Many were skeptical when, back in 2007, Canadian company D-Wave announced that it had built the world's first commercially viable quantum computer. Now a study published in the August issue of Nature's Scientific Reports co-authored by D-Wave and Harvard researchers proves the D-Wave One is the real deal.

"The D-Wave computer found the ground-state conformation of six-amino acid lattice protein models. This is the first time a quantum device has been used to tackle optimization problems related to the natural sciences," said Harvard professor Alán Aspuru-Guzik, the lead author of the paper.

The precise details of the protein-folding study are a bit complex, but basically they were looking for the lowest-energy configuration of folded proteins, which is believed to be the correct one since it is the most stable. In nature, proteins fold themselves correctly most of the time, but when they don't they cause diseases such as Alzheimer's. The quantum computer correctly solved 13 times out of 10,000 for four-amino-acid and six-amino-acid sequences under the Miyazawa-Jernigan model of lattice protein folding.

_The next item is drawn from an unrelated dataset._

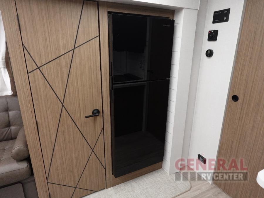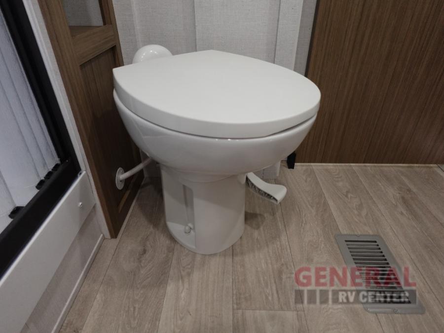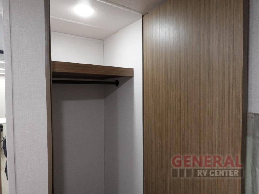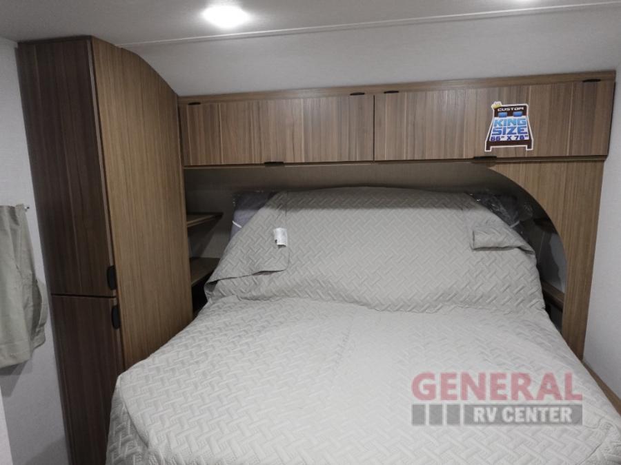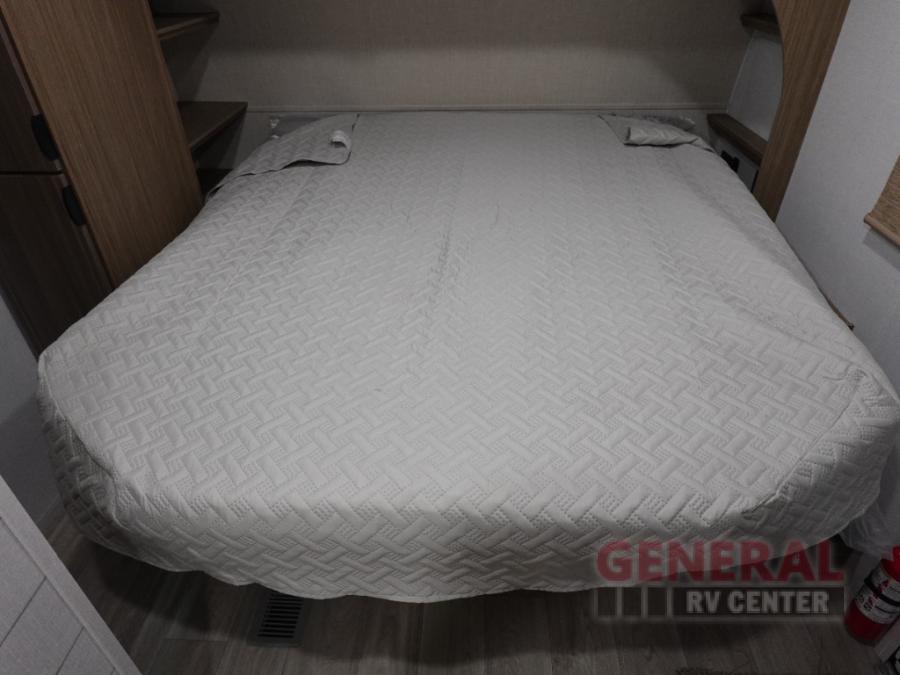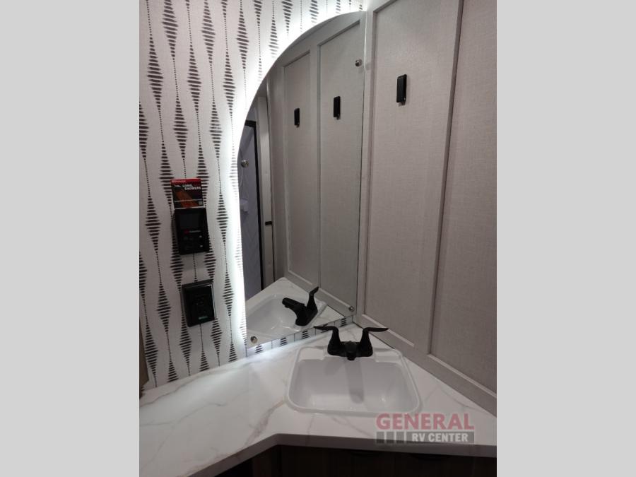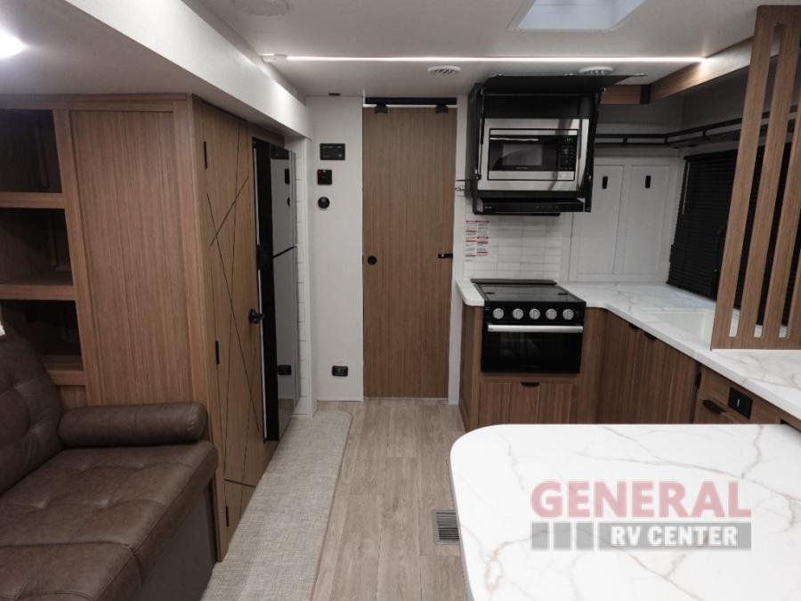 Everyone will enjoy having their own space in this travel trailer thanks to the front master bedroom and the rear bunkhouse. The bunkhouse includes a wall to separate the Versa bunk and fold-down desk on one side and a Versa sofa on the other, perfect for older kids or guests. You'll have the custom king bed with Versa Tilt all to yourselves, and the walk-thru bath will be easily accessible for everyone. In the combined kitchen and living room, a jackknife sofa slide sits across from the fireplace/entertainment center, and there is a pull-out table here so you can dine together.

In the abstract, the authors seem optimistic about the computer's prospects, stating that, "the approach employed here can be extended to treat other problems in biophysics and statistical mechanics such as molecular recognition, protein design, and sequence alignment." And Google has adopted the system to train image recognition software.

What's next?

D-Wave has been working on a 512 qubit chip since 2011, but since publication lags behind current work, this study used the company's 128 qubit chip. The experiments only required between five and 81 qubits, and while the 128 qubit chip isn't as powerful as regular supercomputers (or even some desktop computers), the speed is determined mainly by the type of quantum algorithm being run.However, one can extrapolate speeds, and in an interview with NextBigFuture, D-Wave CTO Geordie Rose said that 512 qubits would be approximately 1,000 times faster than 128 qubits, and a projected 2,048 qubit chip would be 1,000 times faster than 512 qubits.

Source: Nature via D-Wave

Raymond Johnson
Yay for Quantum Computing!
13 times it succeeded out of 10,000 tries? Hmm, makes Microsoft's windows look promising. I'll be impressed when it solves problems 9,999 times out of 10,000. i can live with a little tiny error.
Jess Atwell
Hate to be a downer, but this doesn't seem to be any improvement to current computing. And the thought that all that has to be done is increase it's computing power doesn't seem to be any different than adding power to current where will this take us in the end?
Chuck Anziulewicz
Maybe these new quantum computers will figure out a way to fold space. Then we can get on with the business of interstellar colonization.
I wonder how many times out of 10,000 tries a monkey would get it right? Just wondering if it statistically significant.
Yes Bew, what exactly is the success rate of a monkey solving six-amino-acid folding sequences under the Miyazawa-Jernigan lattice-model?
A working, commercially available quantum computer is a big deal. It is long way away from mass market but this is still a significant benchmark.
In normal computing there are two states, 0 or 1. In quantum computing there are multiple possible states or quantum bits (qbits) so it has the potential to scale exponentially.
It would have been helpful if the author had posted what a purely random approach would have yielded so we can gauge what the significance of 13/10000 is, since otherwise it looks lousy.
@Adrien the short answer is 0/10,000 but check out folding@home (, it is a distributed computing platform that uses mostly donated CPU cycles to complete protein folding.
Here is a quote from the page:
"It's amazing that not only do proteins self-assemble -- fold -- but they do so amazingly quickly: some as fast as a millionth of a second. While this time is very fast on a person's timescale, it's remarkably long for computers to simulate. In fact, it can take about a day to simulate about a hundred nanoseconds (1/1,000,000,000 of a second). Unfortunately, many proteins fold on the millisecond timescale (1,000,000 nanoseconds). Thus, it would take 10,000 CPU days to simulate folding -- i.e. it would take 30 CPU years! That's a long time to wait for one result"
If you are just adding a couple numbers in a single computation it is possible for a random result to occasionally equal the correct result but for something as incredibly complex with as many calculations required to complete a protein folding sequence the odds of a random result being correct are abysmal.
Ken Dawson
In other news: "What?!! Quantum computers are real!?!"
Ulf Lindroth
I think 13 out of 10,000 means the 13 correct minimum configurations out of 10,000 possible non minimum configurations. It doesn't mean 13 correct out of 10,000 correct.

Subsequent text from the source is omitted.